### Information supplied
——

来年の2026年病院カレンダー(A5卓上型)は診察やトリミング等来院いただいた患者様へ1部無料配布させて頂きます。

——

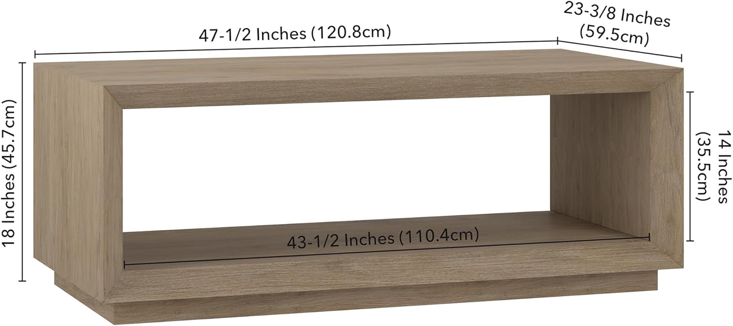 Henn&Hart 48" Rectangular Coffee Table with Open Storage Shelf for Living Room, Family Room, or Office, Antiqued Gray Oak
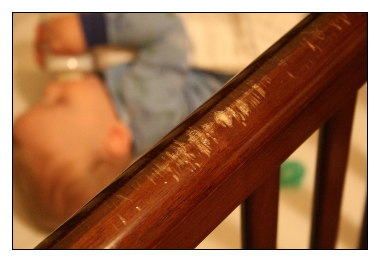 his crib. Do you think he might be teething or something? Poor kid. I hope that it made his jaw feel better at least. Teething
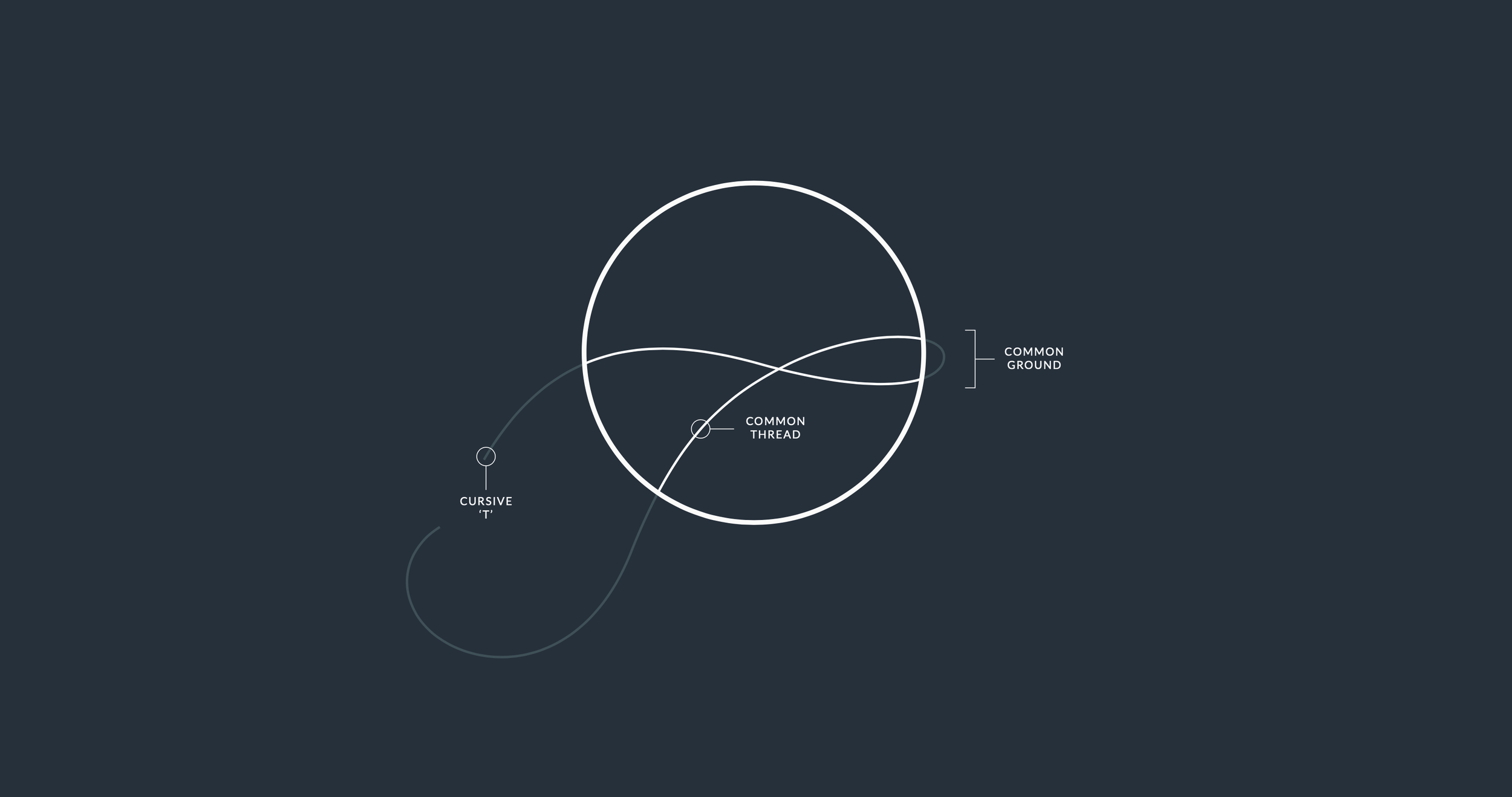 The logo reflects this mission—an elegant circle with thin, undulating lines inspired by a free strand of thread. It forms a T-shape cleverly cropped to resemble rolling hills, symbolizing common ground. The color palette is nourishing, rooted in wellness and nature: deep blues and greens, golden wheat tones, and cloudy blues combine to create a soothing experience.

——

### Exercise requirements
In the listing above, find the line containing "Antiqued Gray Oak" and the line containing "his crib. Do", then print exactly those two lines and every line between them, minus the pictures.

### Written response
 Henn&Hart 48" Rectangular Coffee Table with Open Storage Shelf for Living Room, Family Room, or Office, Antiqued Gray Oak
 his crib. Do you think he might be teething or something? Poor kid. I hope that it made his jaw feel better at least. Teething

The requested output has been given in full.